Ranya glanced out the window again, wondering how much she would miss her home. She dealt with offworlders every day, and she knew that many of them privately considered Gadira to be a miserable and backward system indeed. The contrast between the sprawl of Tanjeer’s squalid suburbs, now passing beneath the sultan’s skycade, and the white walls of El-Badi Palace, with its surrounding gardens and parks, certainly offered little to be proud of. There were cities in the core worlds of the Coalition that were a hundred kilometers across, skyscrapers like artificial mountains, orbital palaces, markets where the goods of a hundred worlds were bought and sold … What was that?
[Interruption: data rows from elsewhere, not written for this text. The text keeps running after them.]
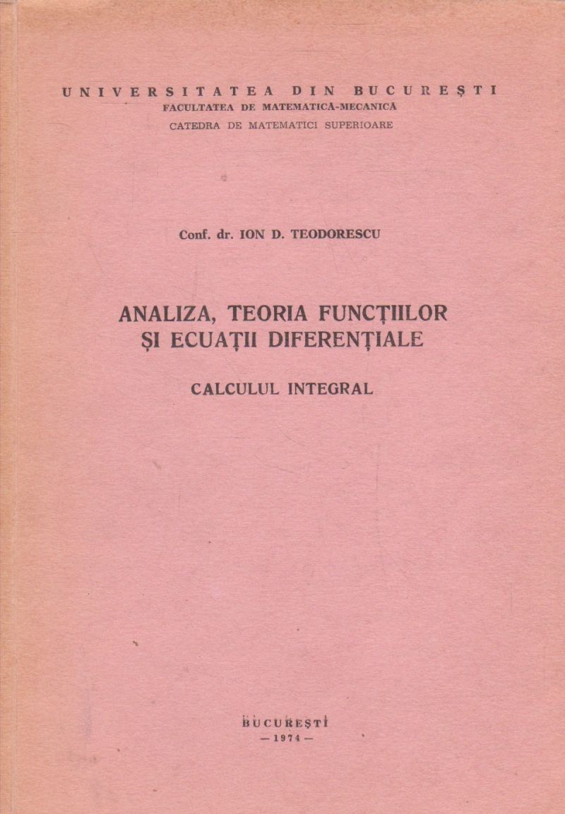 Comandă online cartea "Analiza, teoria functiilor si ecuatii diferentiale. Calculul integral" la 30,70 lei scrisă de Ion D. Teodorescu, tiparită la editura Universitatea din Bucuresti în anul 1974 cu un număr de 306 pagini. cu plata ramburs sau online cu cardul. Momentan titlul "Analiza, teoria functiilor si ecuatii diferentiale. Calculul integral" nu este disponibil însa vă puteți înscrie pentru a fi notificat în momenul reaprovizionarii.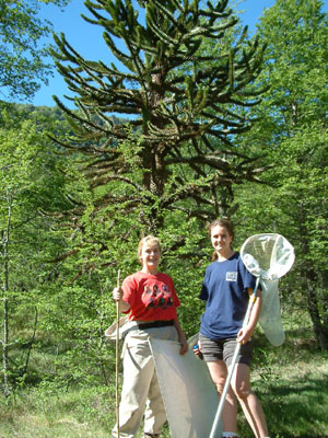 Mary Liz and Shauna with araucaria and beech trees in the background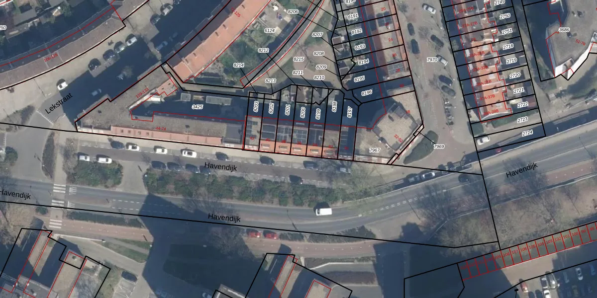 Het perceel waarop Havendijk 36 staat heeft een oppervlakte van 93 m². Dit is een klein perceel. De perceeloppervlakte wordt geregistreerd door het Kadaster. Gedetailleerde informatie over de maten van dit perceel kunt u vinden in het rapport Kadastrale kaart met maatvoering van Havendijk 36.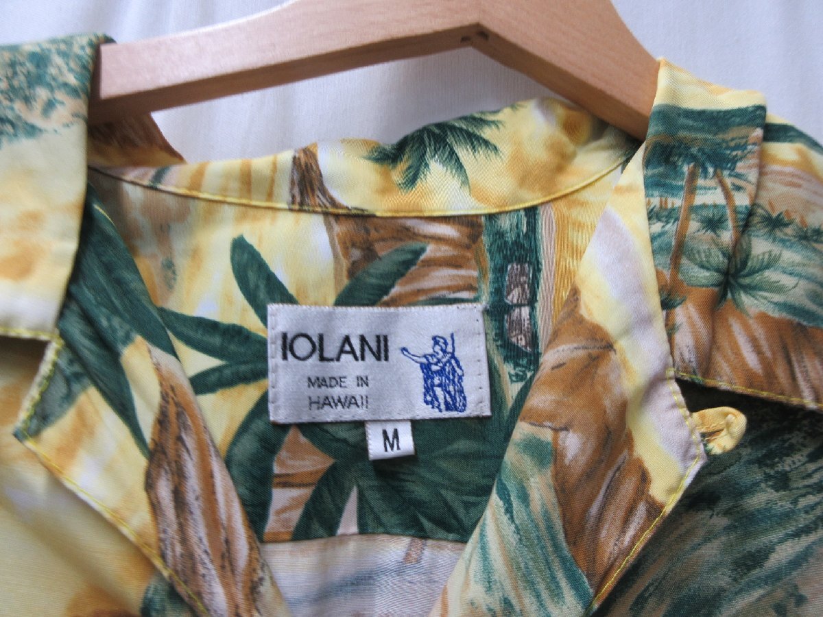 未使用 長期保管 ハワイ製 イオラニ Iolani ハワイアンアロハシャツ サイズM

Five thin smoke trails suddenly leaped into existence from the tree-covered expanse of a large cemetery just off the flight path of the sultan’s flyer. Ranya happened to be looking out the window at the very moment they launched, so she saw them before anybody else. Pure surprise froze her for a half second as the weapons streaked up from the ground; the exhaust plumes looked like gray daggers reaching up for her. Then she found her voice. “ Missiles right! ” she screamed.

Lieutenant Colonel Raoul Yusir, a highly experienced veteran, had the honor of serving as the sultan’s personal pilot. The position was perhaps the most prestigious assignment in the entire Royal Guard, and he’d fought his way through months of competitions and training to win the post. Today that rigorous selection process proved its value—the instant Ranya shouted her warning, Colonel Yusir slammed the throttle to the stops and dove down and away from the threat.
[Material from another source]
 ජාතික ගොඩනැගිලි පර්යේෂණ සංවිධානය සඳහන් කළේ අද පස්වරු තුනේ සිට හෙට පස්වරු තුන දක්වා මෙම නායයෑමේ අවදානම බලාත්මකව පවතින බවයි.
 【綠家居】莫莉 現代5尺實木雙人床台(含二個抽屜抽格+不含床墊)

The luxury transport’s inertial compensators did their best to accommodate the violent maneuver, but even so Ranya was thrown against her window. Her uncle grunted in surprise as he flailed sideways against the restraints in his seat. When Ranya got her bearings again, the missiles were almost on top of them.
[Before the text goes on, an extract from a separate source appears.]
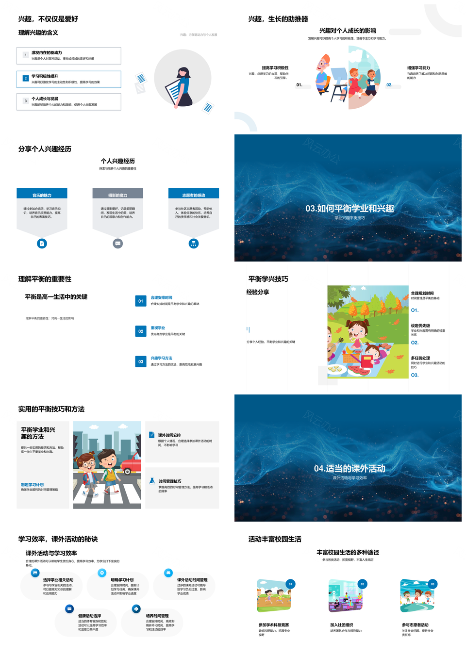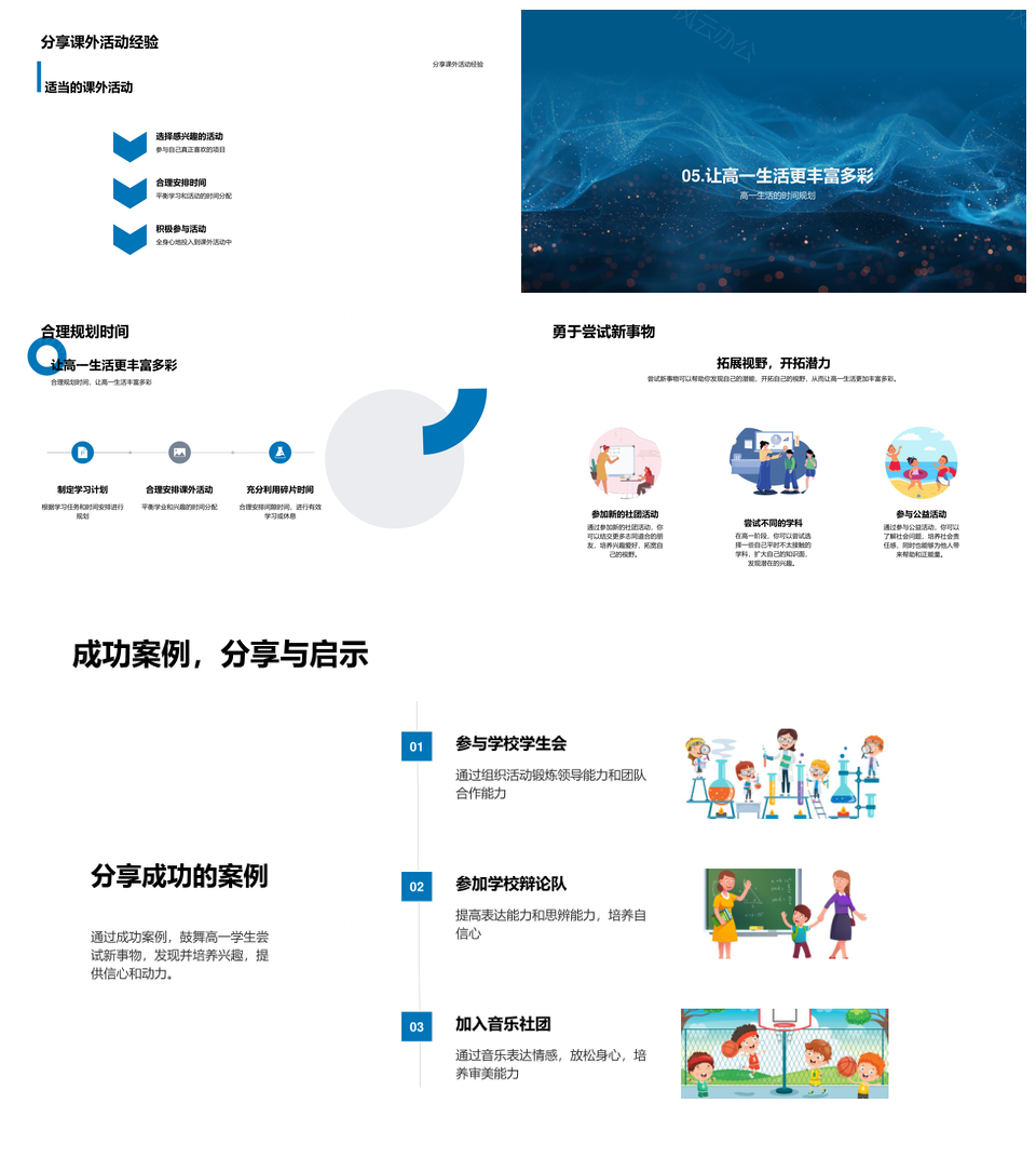高一学业生活平衡时间管理书海高效减压课外兴趣经验PPT模板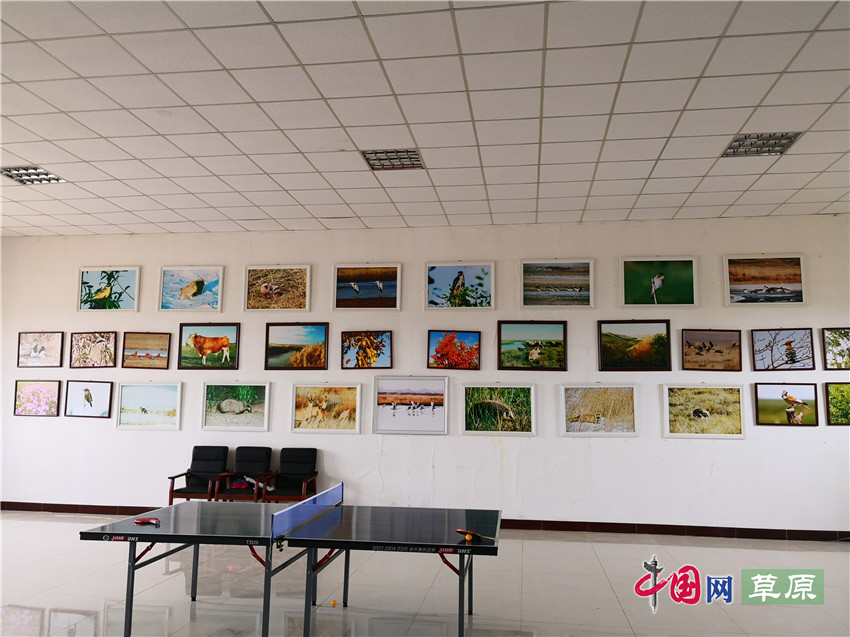 薩如拉圖雅嘎查農(nóng)牧民培訓(xùn)基地展廳,墻上掛滿了廷·巴特爾牧場(chǎng)野生動(dòng)植物攝影作品

Smoke trails—rockets, not induction motors, she noted with an oddly clinical interest. Years of familiarizing herself with the sultanate’s military aid from Montréal had its benefits. Cutting-edge ground-to-air weapons were hypersonic missiles with gravity induction drives. They wouldn’t have left any smoke for her to spot, and would have hit the sultan’s skycade in the blink of an eye. Metallic hydrogen rockets or more primitive chemical propellants powered older weapons. She watched the first of the rockets swerve suddenly to one side to follow one of the escort flyers. And they’re guided, too! That almost certainly meant they were offworld arms. Plenty of industrial facilities on Gadira could manufacture an unguided rocket, but building a seeker head was another matter altogether.

The question abruptly ceased to be of merely clinical interest when the first rocket reached the Royal Guard flyer escorting the sultan’s transport. The weapon detonated in a powerful blast that ripped one engine off the escort and peppered its fuselage with lethal shrapnel. The stricken flyer—four Royal Guards, men who’d been around Ranya all of her life—tumbled end over end toward the crowded city streets below.